Вариацию экспрессии исследуемого гена при обработке кверцетином или рутином выражали в зависимости от контрольного TgAPP (мыши без обработки) и нормализовали эту экспрессию по уровням GADPH. Коэффициент изменения (2-∆∆Ct) представляет собой количество раз, когда интересующий ген модифицировался при определенном лечении контрольных мышей.
4.10. Статистический анализ
Все тесты проводились как минимум в двух повторах и в трех разных экспериментах. Полученные результаты выражены как среднее значение ± стандартная ошибка. Однофакторный дисперсионный анализ (ANOVA) был выполнен после того, как данные были проверены и продемонстрировано, что они соответствуют нормальному распределению. Были проведены апостериорные тесты множественных сравнений Ньюмена-Кеулса для изучения средних различий между группами. Значения p < 0.05 считались значимыми.
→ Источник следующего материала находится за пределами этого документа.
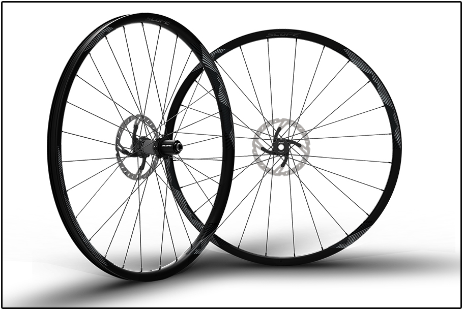 Sapim Laser straightpull spaken verbinden de velgen met de naven. Vooraan met een 2x en 1x kruisend spaakpatroon, achteraan een 2x kruisend. In tegenstelling tot veel andere wielleveranciers, maakt Scope geen gebruik van naven uit Zwitserland. Ze hebben eigen naven die voorzien zijn van SKF industrielagers, of op wens met lagers van Ceramic Speed. De vrijloop werkt met 4 pallen; over het aantal ingrijpingen rept het persbericht helaas niet. Uiteraard zijn zowel Shimano als XD vrijlopen beschikbaar. De schrijfremmen worden gemonteerd via een Centerlock verbinding.

Программное обеспечение SigmaPlot 11.0 использовалось для статистического анализа.
5. Выводы
Пищевые привычки и добавки могут влиять на окислительно-восстановительный статус клеток. Исходя из этого, мы стремились улучшить клеточный окислительно-восстановительный гомеостаз в модели мышей с БА с помощью флавоноидной диеты, содержащей кверцетин или рутин, для облегчения амилоидной патологии, учитывая взаимодействие между клеточным окислительно-восстановительным статусом и протеасомозависимыми амилоидными особенностями при бессимптомной БА. Наши наборы данных актуальны, поскольку эффекты флавоноидов, отображаемые в мышиной модели TgAPP, согласуются с теми, о которых сообщалось ранее в наших моделях in vitro и ex vivo.
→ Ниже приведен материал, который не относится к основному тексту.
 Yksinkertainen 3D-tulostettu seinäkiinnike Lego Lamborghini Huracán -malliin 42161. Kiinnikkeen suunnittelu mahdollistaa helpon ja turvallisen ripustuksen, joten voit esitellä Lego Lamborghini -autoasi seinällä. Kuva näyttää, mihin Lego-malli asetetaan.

В заключение, наши результаты показывают, что начало диетотерапии на бессимптомной стадии или при появлении симптомов, подобных БА, может восстановить окислительно-восстановительный статус клеток и физиологическую обработку АРР посредством одновременной регуляции экспрессии АРР и активности BACE1.
Хотя наши результаты трудно экстраполировать на состояние человека, они могут иметь широкое значение для реакции человека на будущие терапевтические средства. Из двух флавоноидов рутин с более выраженными эффектами in vivo кажется наиболее подходящим для включения в ежедневный рацион в качестве адъювантной терапии при БА, основанной на усилении внутриклеточного окислительно-восстановительного гомеостаза головного мозга.
Дополнительные материалы:На веб-сайте можно загрузить следующую вспомогательную информацию. Ссылка [76] цитируется в дополнительных материалах.
Вклад автора:ПБ-Б. и СМ-А. задумал идею и план эксперимента, помог в экспериментах, интерпретировал полученные результаты и написал рукопись. КЛЖ-А. провели эксперименты, провели анализ данных и интерпретировали полученные результаты. JB помог с анализом данных и пересмотром рукописи. Все данные были сгенерированы собственными силами, бумажная фабрика не использовалась. Все авторы соглашаются нести ответственность за все аспекты работы, обеспечивая целостность и точность. Все авторы прочитали и согласились с опубликованной версией рукописи.
Финансирование:Это исследование финансировалось Фондом медицинских исследований «Mutua Madrileña» (Четвертый выпуск грантов для проектов медицинских исследований), Министерством образования и науки Испании (Ref. AGL2008-04892-C03-02) и Министерство науки и инноваций Испании (Ref. CTQ2010-16170).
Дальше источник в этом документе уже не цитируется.